Наконец, и этим заканчивается рецензия, Грибоедов заявляет: «Если разбирать творение для того, чтобы определить, хорошо ли оно, посредственно или дурно, надобно прежде всего искать в нем красот. Если их нет — не стоит того, чтобы писать критику; если ж есть, то рассмотреть, какого они рода? много ли их, или мало? Соображаясь с этим только, можно определить достоинство творения. Вот чего рецензент „Ольги“ не знает или знать не хочет»[314].
Этот заключающий статью абзац возвращает нас к Липецкому потопу. Ведь в ходе литературной борьбы, которая разыгралась вокруг комедии Шаховского, никто не искал в ней красот, никто не определял, хороша ли она, или дурна, или посредственна. Все думали и писали только о личности. Вот почему Аполлон в эпиграмме Грибоедова и отлучил эту полемику от искусства. Вот почему и сам Грибоедов вовсе не высмеивает стиля баллад Жуковского (чего, кстати сказать, мы обычно не замечаем).
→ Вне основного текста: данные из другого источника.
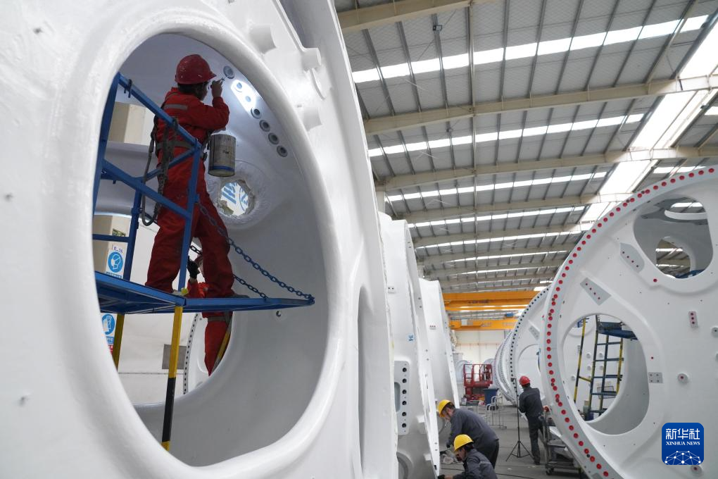 10月8日,在惠民县风电装备制造产业园涂装车间,工人在涂装风电轮毂。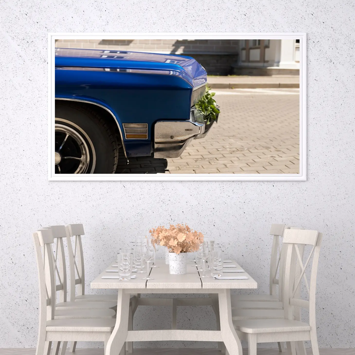 تتجلى في هذه اللوحة جماليات فنية تأسر الأنظار، حيث يظهر مشهد سيارة زرقاء أنيقة تتزين بأوراق خضراء، مما يضفي إحساسًا بالاحتفال والبهجة. تعكس الألوان الزاهية والحيوية روح الحياة العصرية، مما يجعلها خيارًا مثاليًا لإضفاء لمسة من الأناقة على أي مساحة. إن هذا العمل الفني لا يقتصر فقط على كونه قطعة ديكور، بل هو تعبير عن أسلوب حياة متجدد ومليء بالذكريات الجميلة.

Грибоедов говорит, приступая к разбору «Людмилы»: «Переношусь в Тентелеву деревню <так была подписана статья Гнедича. — М.С.> и на минуту принимаю на себя вид рецензента, на минуту, и то, конечно, за свои грехи». А в примечании Грибоедов пишет: «Читатели не должны быть в заблуждении насчет сих резких замечаний: они сделаны только в подражание рецензенту „Ольги“»[315].
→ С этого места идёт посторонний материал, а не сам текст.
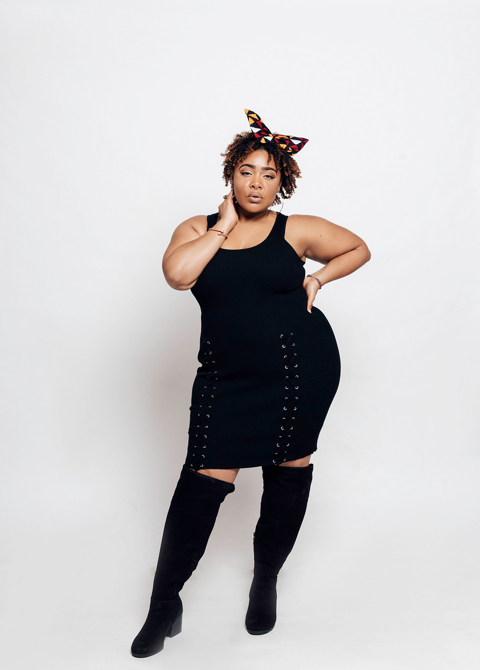 You can never have too many black dresses. Allow me to show you the ways of our very own LBD, Lace Me Up. You can style this dress and dresses like it with a long sleeve top, turtleneck, a bodysuit with dramatic sleeves, or a collared shirt like I did here. When it comes to little black dresses they allow you to do so much with them. Accessories are key!

Грибоедов не сравнивает, что лучше, а что хуже. Он говорит о принципе подхода к тексту. Это уже мы из пушкинской статьи «<Сочинения и переводы в стихах Павла Катенина>» (1833) взяли сопоставление Катенина с Жуковским и говорим теперь, что «исторически их <Гнедича и Грибоедова. — М.С.> спор закончился победой Грибоедова»[316].
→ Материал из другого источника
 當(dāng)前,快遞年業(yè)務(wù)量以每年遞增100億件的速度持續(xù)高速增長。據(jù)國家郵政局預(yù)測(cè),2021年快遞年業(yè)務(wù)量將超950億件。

Конечно, Пушкин всегда прав. Но не прав ли был и Грибоедов?
Впрочем, странный человек, он уже в 1817 году в фацессии на Загоскина и в «Студенте» вернется к личностям. Но это уже другая тема и другая история.
P. S. Эта статья была сообщена мною в виде доклада 21 февраля 1995 года на Юбилейной научной конференции, посвященной 200-летаю рождения А. С. Грибоедова, в Московском университете. А 29 марта, когда мы с С. А. Фомичевым и В. А. Кошелевым были на Гоголевском бульваре, я сообщил этот сюжет, и С. А. Фомичев сказал мне, что уже знает о существовании второй редакции эпиграммы от В. Э. Вацуро, известившего его об этом в курилке Пушкинского дома. Неисповедимы пути.
Т. И. Краснобородько
Неизвестная басня И. И. Дмитриева
В альманахе «Памятник отечественных муз на 1827 год», изданном Б. М. Федоровым, была напечатана басня «Гебры и школьный учитель», безымянный сочинитель которой скрылся под астронимом «***».
Светило дня на небе голубом
Во всем величии блистало,
И поклонение от Гебров принимало.
Колено преклоня пред ярким божеством,
Один из них, с растроганной душою,
Так ублажал его: «О солнце! жизнь миров!
Кто смеет благостью, чудесной лепотою
С тобой равняться из богов?
Удел их: к нам греметь или вкушать беспечность.
Твое господство: все! существованье: вечность!
Твое присутствие: животворящий свет.
Изящнее тебя во всей Природе нет».
— Изящный! подхватил, с усмешкою надменной,
Случившийся в толпе из Гебров грамотей,
Учитель их детей:
Изящный! так для вас, толпы непросвещенной,
Магистер продолжал,
Хотя и сам глаза он щурил и мигал;
Но знаете ли вы, что и светила мира
Великолепная порфира
Не вся из золота? что наш ученый глаз
Находит пятна в нем?.. для вас
Все это тайна — и не чудно:
Понятье ваше скудно,
Вы люд не школьный, простачки…
Умолк, и вздернув нос, прижал свои очки.
А солнце между тем сияло на лазуре.
Баснь эта привела тебя на память мне,
Сбиратель крох чужих, каплун в Литературе!
Ты рад и пятнышко найти в Карамзине:
А для меня оно — различны в людях нравы! —
Теряется в лучах — его неложной славы.